LeoLM/leo-mistral-hessianai-7b-chat Overview
LeoLM/leo-mistral-hessianai-7b-chat is a 7 billion parameter German chat model developed by LAION and HessianAI. It is built on the Mistral architecture and represents an open, commercially available German Foundation Language Model. The model extends Mistral's capabilities into German through continued pretraining on a large corpus of German-language and locality-specific text, utilizing a compute grant at HessianAI's supercomputer 42.
Key Capabilities & Performance
This model is fine-tuned on a selection of German instruction datasets, demonstrating strong performance in German-language tasks.
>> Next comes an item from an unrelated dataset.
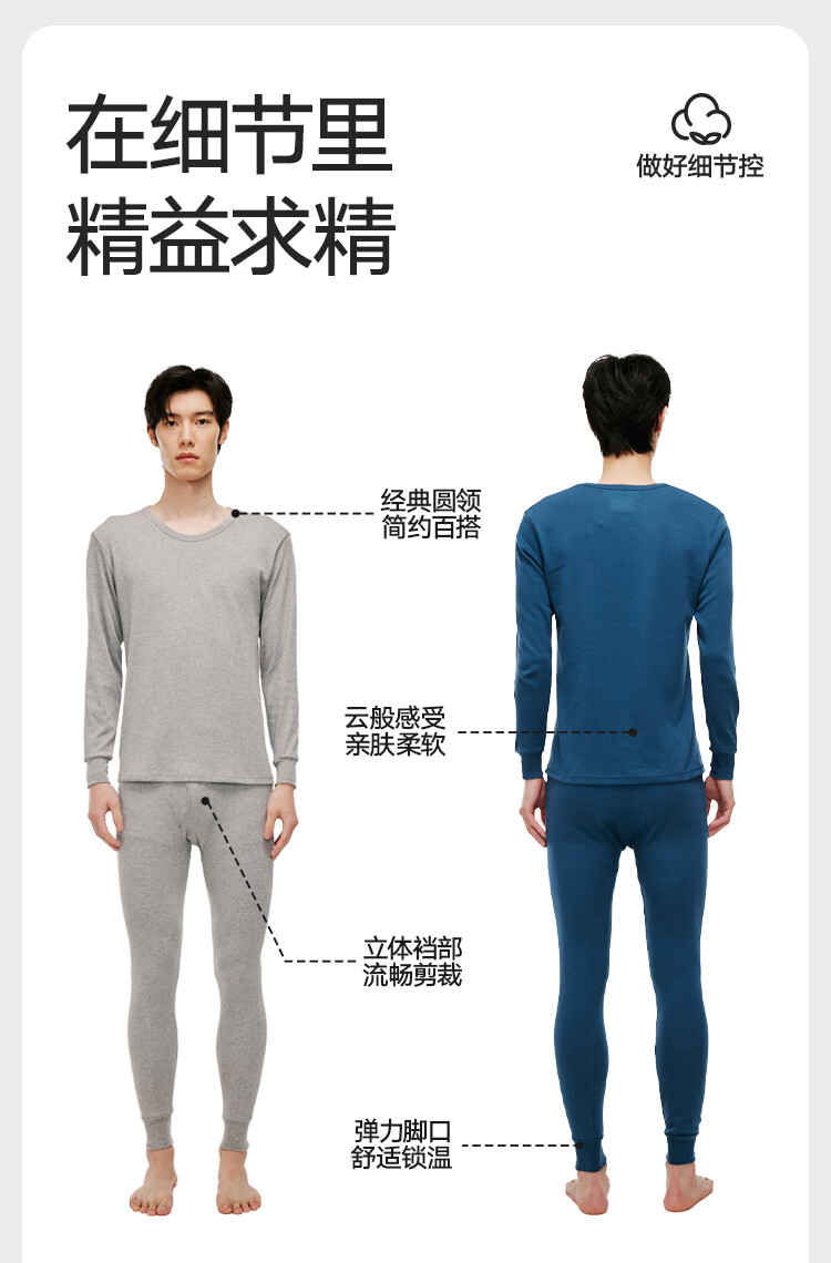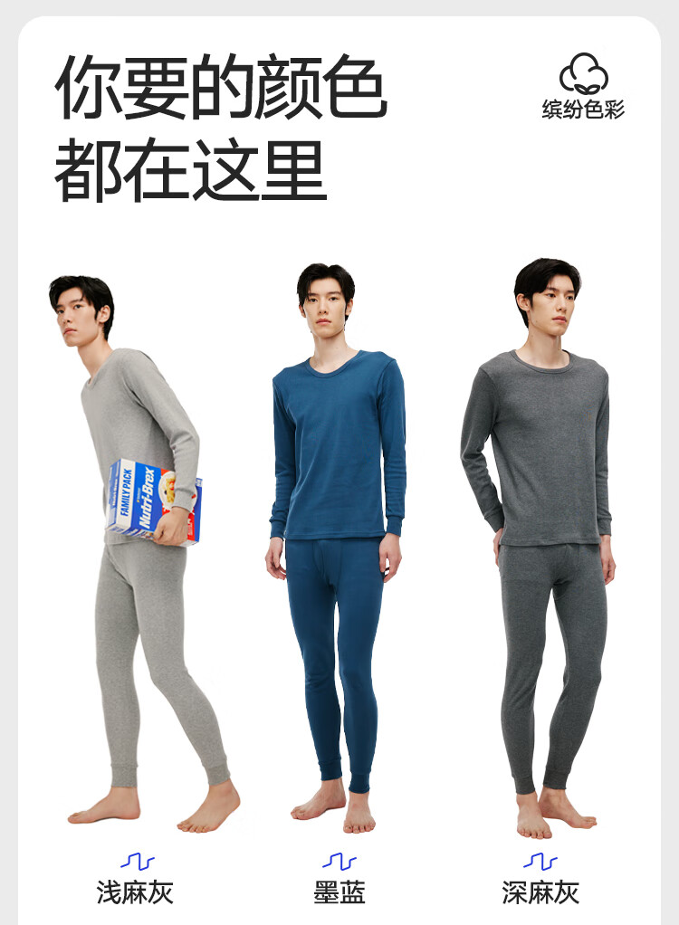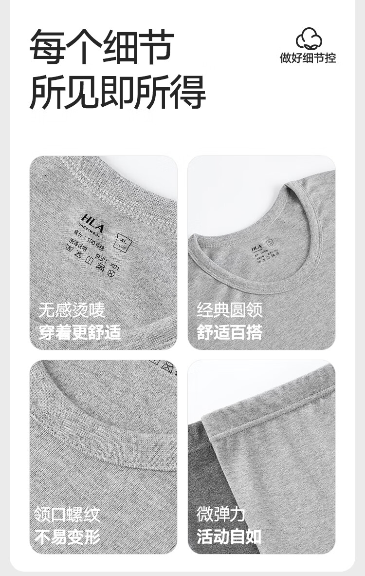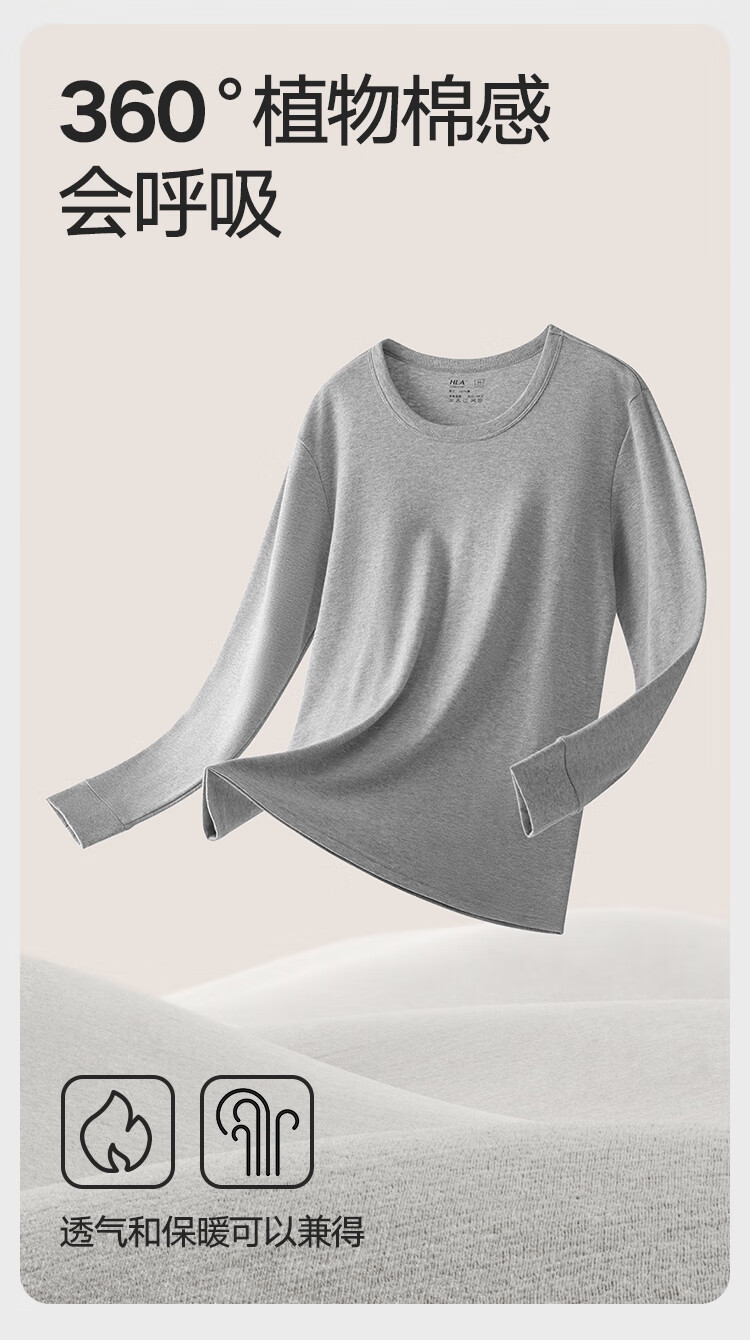 Heilan House Men's Autumn Clothes and Autumn Pants Men's Round Neck Pure Cotton 100% Cotton 230g Basic Bottoming Cotton Sweater Thin Thermal Underwear Set

According to MT-Bench-DE scores, it particularly excels in:
- Writing: 6.8
- Roleplay: 6.35
- Humanities: 8.25
However, it shows limitations in mathematical and advanced reasoning tasks, with scores of 2.75 for math and 3.3 for reasoning. The model supports both English and German languages and is released under the Apache 2.0 license.
Training Details
The model was fine-tuned over 4 epochs with a global batch size of 256 and a learning rate of 1e-5. The training datasets include subsets of OpenAssistant/OASST-DE, FreedomIntelligence/evol-instruct-deutsch, FreedomIntelligence/alpaca-gpt4-deutsch, LeoLM/OpenSchnabeltier, LeoLM/German_Poems, and LeoLM/German_Songs, totaling over 132,000 samples and 67 million tokens.